The spectral radius is not a norm on the space of all $n \times n$ matrices, for $n>1$. This is because there exist nonzero matrices with zero spectral radius, e.g.

$$\begin{bmatrix} 0 & 1 \\ 0 & 0 \end{bmatrix}.$$

However, given a matrix $A$ with spectral radius $\rho(A)$, for every $\varepsilon > 0$ there exists an operator norm $\| \cdot \|$ such that $\| A \| \leq \rho(A) + \varepsilon$.

At the same time, if a matrix is self-adjoint with respect to an inner product, then its operator norm with respect to this inner product and its spectral radius correspond.

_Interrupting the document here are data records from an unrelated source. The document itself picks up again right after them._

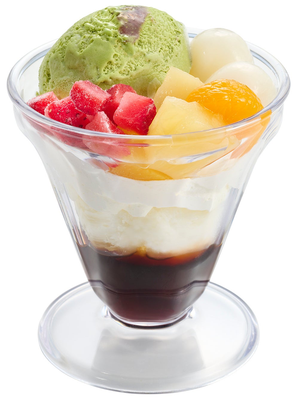 「老舗茶舗の宇治抹茶フルーツ和パフェ」は、本格宇治抹茶アイスが主役の和パフェです。「森半」が手掛けた上質な宇治抹茶と北海道産小豆を使用したあんこソースを練りこんだアイスは、抹茶の程よい苦みと甘み、香り高さが自慢です。その他に、コクのある沖縄県産の黒糖を使用した黒糖ゼリーダイス、シャリシャリの練乳グラニタ、もちっとした白玉、カラフルなミックスフルーツにフローズンいちごダイスをのせ、1つで様々な食感をお楽しみいただけます。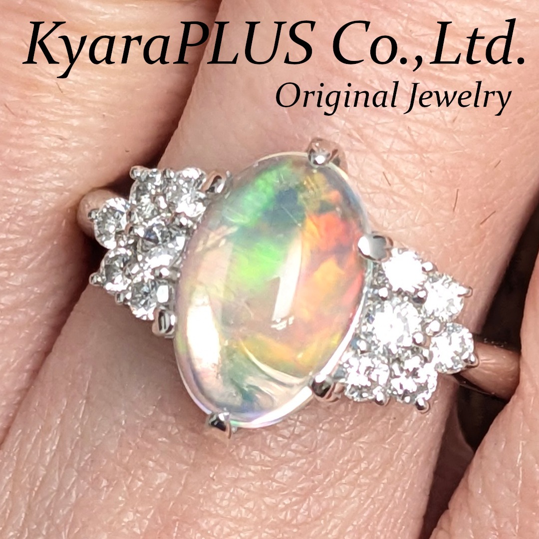もうご覧の通り、つるんつるんでプルンプルンのウォーターオパールに目が釘付けになってしまう一品。無色透明の結晶の中に、ホログラムのようにユラユラと七色の色彩が揺らめき、ひとときとして同じ表情で留まっておりません。赤、橙、黄、緑、青、藍、紫の全ての色が石全体に出ていて、申し分のない美しさです。あなたの指元に、果てしない夢を描いたあの虹の果てが宿る、そんな夢のある輝きです。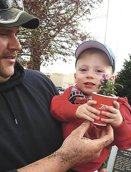 Karsen Raue age 2 with his Dad Curt Raue and the flower he planted for Mother’s Day.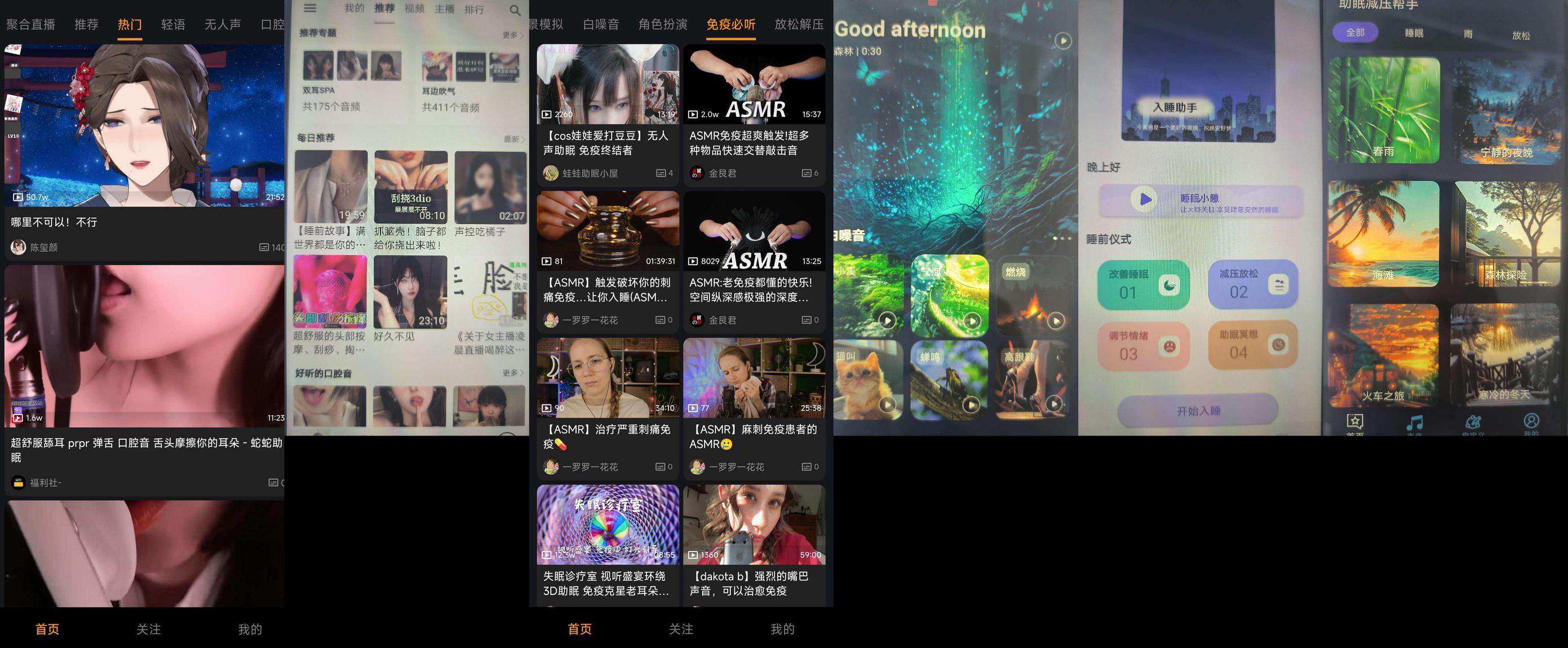 后两款软件以ASMR为主,口腔音掏耳朵等等。每一个都是不让你夜晚失眠的好帮手🔥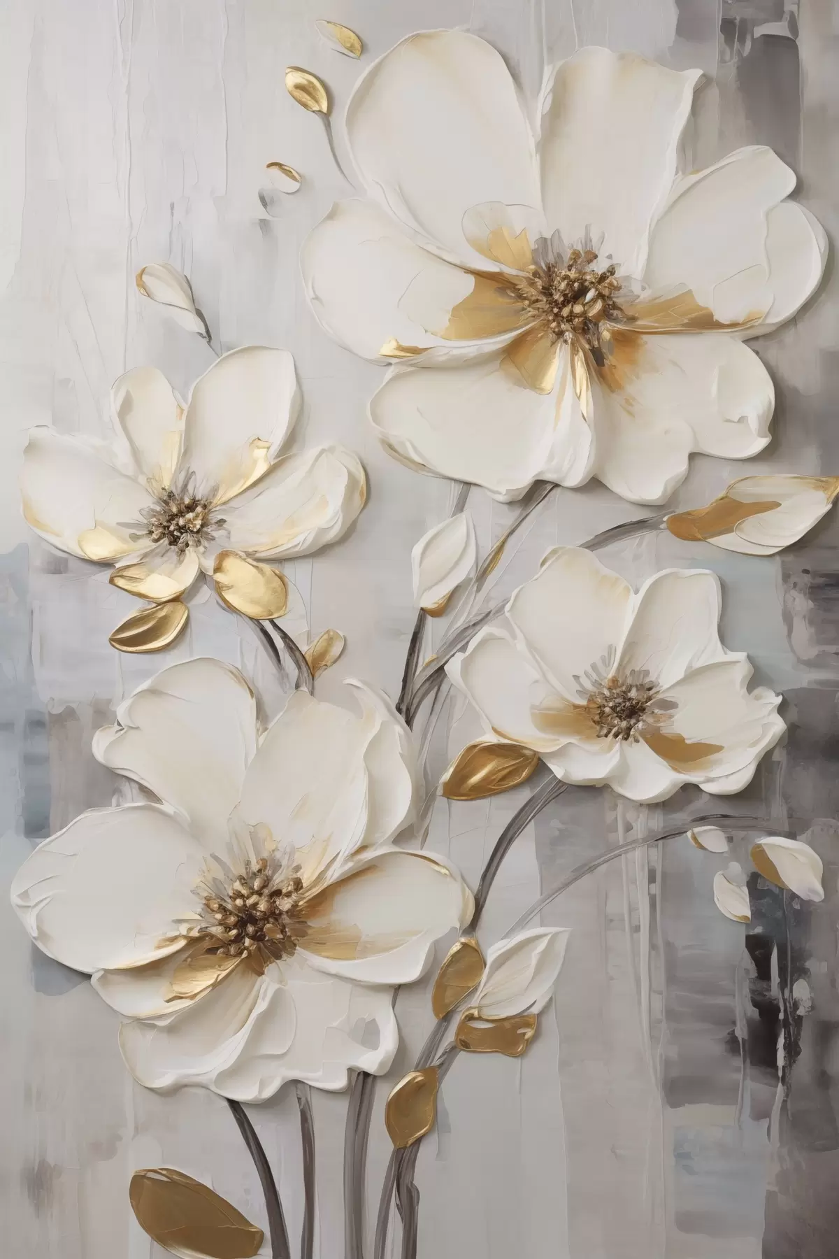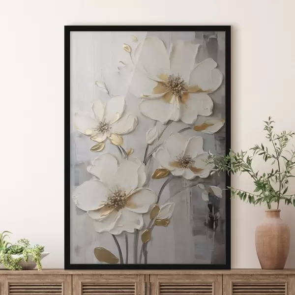 Poster Fiori bianchi con tocchi di giallo su uno sfondo ruvido Nr f48721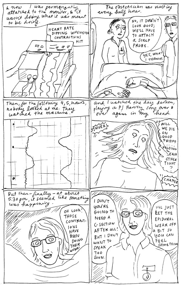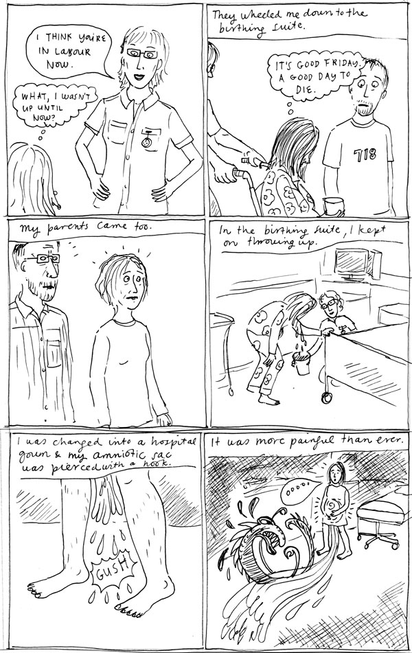 I am conscious that there may be medical people out there reading this and I probably have stuff wrong. It was 9 years ago, and this is what I remember. There was a lot of detail that I had to leave out to tell the story in comic form, and probably some detail that I should have left out. I’m not sure if I’m going to continue this story on my blog, or whether I might put it aside for a while to revise and expand. I still haven’t told you what happened with my novel manuscript. If you’re desperate to find out what happens next in the birthing suite, the first story in my anthology, ‘Coming Up Roses’, is pretty autobiographical. It looks like you can buy it on Amazon too.

In view of the preceding comments, to find a positive matrix whose Euclidean operator norm is larger than its spectral radius, you should look for something which is very asymmetric, like

$$\begin{bmatrix} 1 & 1 \\ \varepsilon & 1 \end{bmatrix}$$

where $0<\varepsilon \ll 1$. This has trace $2$ and determinant $1-\varepsilon$, so the eigenvalues are $1+\sqrt{\varepsilon}$ and $1-\sqrt{\varepsilon}$. On the other hand the Euclidean operator norm is at least $\sqrt{2}$ independent of $\varepsilon$, as you can see by multiplying this matrix with the unit vector $e_2$. So this gives an example whenever $\sqrt{\varepsilon}<\sqrt{2}-1$; concretely, you can take $\varepsilon=0.1$.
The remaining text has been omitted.